Category Neuroscience

A very interesting paper on how systems neuroscience can benefit from deep learning published in Nature. In work led by Blake Richards, Tim Lillicrap, and Konrad Kording,the main argument is that focusing on the three core elements used to design deep learning systems — network architecture, objective functions, and learning rules — can offer a fresh approach to understanding the computational principles of neural circuits.

Deep learning and neuroscience


Systems neuroscience seeks explanations for how the brain implements a wide variety of perceptual, cognitive and motor tasks. Conversely, artificial intelligence attempts to design computational systems based on the tasks they will have to solve. In artificial neural networks, the three components specified by design are the objective functions, the learning rules and the architectures. With the growing success of deep learning, which utilizes brain-inspired architectures, these three designed components have increasingly become central to how we model, engineer and optimize complex artificial learning systems. Here we argue that a greater focus on these components would also benefit systems neuroscience. We give examples of how this optimization-based framework can drive theoretical and experimental progress in neuroscience. We contend that this principled perspective on systems neuroscience will help to generate more rapid progress.


Machine learning methods enable researchers to discover statistical patterns in large datasets to solve a wide variety of tasks, including in neuroscience. Recent advances have led to a major explosion in the scope and complexity of problems to which machine learning can be applied, with an accuracy rivaling or surpassing that of humans in some domains.

To be able to understand the implication of deep learning on the neuroscience it is needed first to understand some keu concepts like:

  • Basic machine learning concepts and resources.
  • Machine learning methods to automate analyses of large neuroscience datasets.
  • Using deep network learning to gain insight into how the brain learns.
  • Combining machine learning concepts with neuroscience theory to predict nervous system function and uncover general principles.


Article gives a very good insight on all the previous points and lead the way to the growing number of initiatives blending artificial intelligence and neuroscince.


Link to Nature

Deep Learning for Cognitive Neuroscience

There are other intents to link neural networks and the inner workings of the human brain, and how neural network models can now recognise images, understand text, translate languages, and play many human games at human or superhuman levels. These systems are highly abstracted, but are inspired by biological brains and use only biologically plausible computations. In the coming years, neural networks are likely to become less reliant on learning from massive labelled datasets, and more robust and generalisable in their task performance.

From their successes and failures, we can learn about the computational requirements of the different tasks at which brains excel. Deep learning also provides the tools for testing cognitive theories. In order to test a theory, we need to realise the proposed information-processing system at scale, so as to be able to assess its feasibility and emergent behaviours. Deep learning allows us to scale up from principles and circuit models to end-to-end trainable models capable of performing complex tasks.

There are many levels at which cognitive neuroscientists can use deep learning in their work, from inspiring theories to serving as full computational models. Ongoing advances in deep learning bring us closer to understanding how cognition and perception may be implemented in the brain — the grand challenge at the core of cognitive neuroscience.

Link to Arxiv


Deep Neural Networks in Computational Neuroscience

Another interesting approach is when looking from the oposite direction and trying to find mechanistic explanations of how the nervous system processes information to give rise to cognitive function and behavior.

At the heart of the field are its models, that is, mathematical and computational descriptions of the system being studied, which map sensory stimuli to neural responses and/or neural to behavioral responses. These models range from simple to complex. Recently, deep neural networks (DNNs) have come to dominate several domains of artificial intelligence (AI).

As the term “neural network” suggests, these models are inspired by biological brains. However, current DNNs neglect many details of biological neural networks.

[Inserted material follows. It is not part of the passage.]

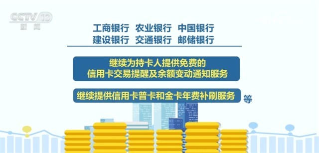 根據公告,六家銀行將降低銀行承兌匯票手續費、免收個人存款賬戶對賬單打印手續費、免收商業匯票工本費、免收持卡人轉出信用卡溢繳款至境內本人本行賬戶手續費,并承諾對企業和個人客戶安全認證工具工本費按不高于成本價收取。繼續為持卡人提供免費的信用卡交易提醒及余額變動通知服務,繼續提供信用卡普卡和金卡年費補刷服務等。
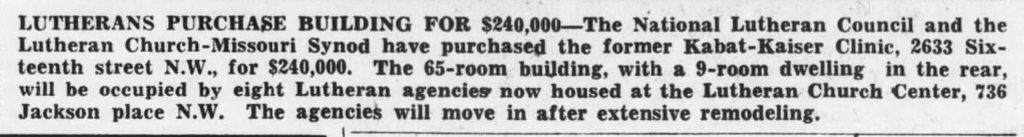 After 20 years, the National Lutheran Council sold the property to the newly established Antioch School of Law. By the time the school took ownership of the buildings, the interior of the Warder Mansion building scarcely resembled the original layout, as many of the original architectural details had been altered, removed, or spoiled in some manner. Further renovations by the school to upgrade electrical systems, modernize heating and air conditioning systems, and improve the general layout for school use further altered the interior of the buildings.

These simplifications contribute to their computational efficiency, enabling them to perform complex feats of intelligence, ranging from perceptual (e.g., visual object and auditory speech recognition) to cognitive tasks (e.g., machine translation), and on to motor control (e.g., playing computer games or controlling a robot arm).

In addition to their ability to model complex intelligent behaviors, DNNs excel at predicting neural responses to novel sensory stimuli with accuracies well beyond any other currently available model type. DNNs can have millions of parameters, which are required to capture the domain knowledge needed for successful task performance. Contrary to the intuition that this renders them into impenetrable black boxes, the computational properties of the network units are the result of four directly manipulable elements: input statistics, network structure, functional objective, and learning algorithm. With full access to the activity and connectivity of all units, advanced visualization techniques, and analytic tools to map network representations to neural data, DNNs represent a powerful framework for building task-performing models and will drive substantial insights in computational neuroscience.